===== Exercise data

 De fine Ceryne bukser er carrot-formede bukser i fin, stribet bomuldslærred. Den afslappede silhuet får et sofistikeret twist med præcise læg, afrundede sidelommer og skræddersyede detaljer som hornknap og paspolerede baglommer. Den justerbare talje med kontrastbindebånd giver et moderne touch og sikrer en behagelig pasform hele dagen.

==========
===== Exercise data

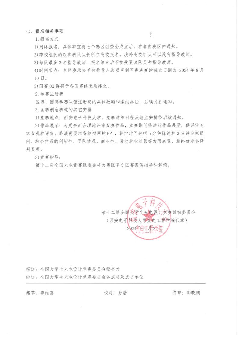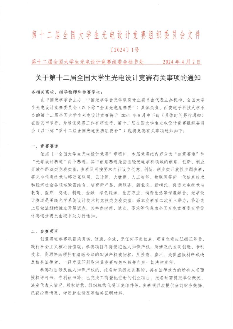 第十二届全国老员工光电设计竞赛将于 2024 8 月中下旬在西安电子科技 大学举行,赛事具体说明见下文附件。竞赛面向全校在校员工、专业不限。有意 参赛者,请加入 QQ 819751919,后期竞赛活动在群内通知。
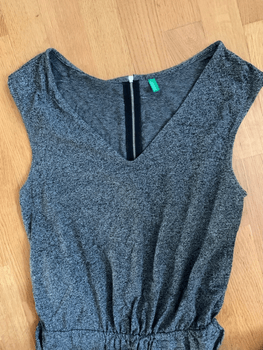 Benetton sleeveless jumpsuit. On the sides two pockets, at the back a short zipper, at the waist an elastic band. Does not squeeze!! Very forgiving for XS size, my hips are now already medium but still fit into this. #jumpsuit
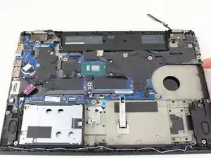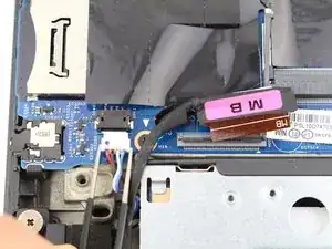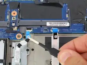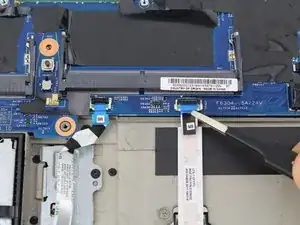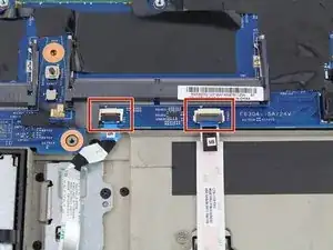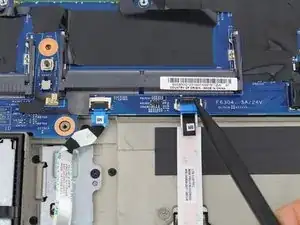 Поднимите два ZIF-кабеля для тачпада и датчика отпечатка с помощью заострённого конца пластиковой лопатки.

==========

Work item: All that is wanted is the lines above between the one containing "第十二届全国老员工光电设计竞赛将于 2024 8" and the one containing "Поднимите два ZIF-кабеля", inclusive, restated word for word, with pictures omitted.

Response to the exercise:
 第十二届全国老员工光电设计竞赛将于 2024 8 月中下旬在西安电子科技 大学举行,赛事具体说明见下文附件。竞赛面向全校在校员工、专业不限。有意 参赛者,请加入 QQ 819751919,后期竞赛活动在群内通知。
 Benetton sleeveless jumpsuit. On the sides two pockets, at the back a short zipper, at the waist an elastic band. Does not squeeze!! Very forgiving for XS size, my hips are now already medium but still fit into this. #jumpsuit
 Поднимите два ZIF-кабеля для тачпада и датчика отпечатка с помощью заострённого конца пластиковой лопатки.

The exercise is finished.